Because of the considerable amount of As released already at moderately reducing conditions by Mn reductive dissolution, authors recommend implementing detailed monitoring systems and timely (bio)remediation in the Zloty Stok area. A calmative aspect of the study is the fact that in both reactors, induction of oxidising conditions resulted in immediate removal of As from the liquid phase (Fig. 1a) because of the sorption or co-precipitation of the trace element by precipitation of Fe/Mn phases (Fig. 1b, c).

In summary, the redox-stat reactor Rcont allowed suppression of both As and Fe reduction and shed more light on otherwise inconclusive mobilisation mechanisms (i.e. co-existing As(III) desorption, Mn(IV) reduction, As(V) reduction, colloidal Fe mobilisation and reductive Fe dissolution as occurring mechanisms in Rnat). The technology described here is not limited to the study of As mobilisation and sequestration mechanisms, but can be expanded to study redox transformations of any major and trace elements (e.g. Fe, Mn, C, P, N, S, Cr, Cu, Co, As, Sb, Se, Hg, Tc, U). The detailed understanding of redox processes governing biogeochemical cycles of such (trace) elements is a key for both environmental risk analysis (as speciation determines bioavailability, toxicity and mobility) as well as exploitation of mechanisms in the frame of new (bio)remediation strategies. A few examples below underline the potential use of redox-stat bioreactors. Recently, a considerable seasonal variability of Sb leaching was found in outdoor lysimeters containing contaminated shooting range soils (Hockmann et al. 2015). Although under drained (i.e. high redox) conditions, high amount of Sb was mobilised (40 to 110 ppb in summer and winter, respectively), reducing conditions led to a fraction of Sb leaching (2–5 ppb), which was assigned to increased sorption of Sb(III) to Fe/Mn phases. With the proposed redox-stat CSTR, one may treat this soil forcing the redox conditions similar to those in drained lysimeters, preventing Sb(V) reduction to Sb(III), thus mobilising and ultimately removing Sb from contaminated soil.

Stimulating autochthonous dissimilatory metal-reducing microorganisms to remove hexavalent U(VI) from aquifers by uraninite-U(IV) precipitation has been suggested to prevent further downgradient spread of groundwater contamination (Anderson et al. 2003). However, the long-term reduction of U(VI) to U(IV) can be maintained only by suppression of autochthonous sulphate-reducing bacteria, since sulphide inhibits metal reducers. The application of the redox-stat reactor in actively preventing sulphate-reducing conditions might thus help to improve bioremediation of uranium-contaminated media.

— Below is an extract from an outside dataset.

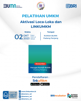 Rumah BUMN Padang Panjang mengadakan Pelatihan Aktivasi Loca Loka dan LINKUMKM. Menghadirkan pakar dibidangnya demi kemajuan UMKM Indonesia.
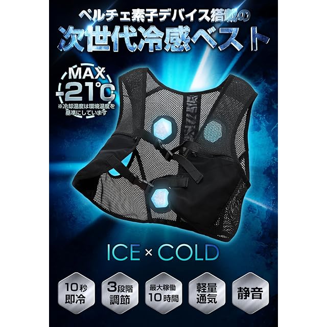 ★最大-21℃の冷却効果を発揮!4カ所ペルチェ素子から体を効果的に冷やす!

Microbial bioremediation of selenium (Se) contamination usually exploits the conversion of water soluble, toxic Se oxyanions [Se(VI), Se(IV)] to water insoluble, elemental Se, which might be easily separated from the aqueous phase (Buchs et al. 2013). However, there is a risk of formation of selenide species at strongly reducing conditions. In metal-rich environments, selenide formation is of less concern (since metal selenides are extremely poorly water soluble) (Lenz et al. 2011). However, when metal as selenide scavengers are depleted, highly toxic H2Se may evolve from the aqueous phase. Therefore, a redox stat can be used to set Eh to values sufficiently low for allowing (Se) oxyanion reduction yet high enough to prevent formation of hydrogen selenide.

In summary, this study shed light on the role of the main host phases in arsenic mobilisation via suppression of underlying redox reactions. This and the few further examples provided (i.e. Sb, U and Se) underline the promising application of redox-stat systems in the study of biogeochemical cycles and in bioremediation of redox-sensitive trace elements.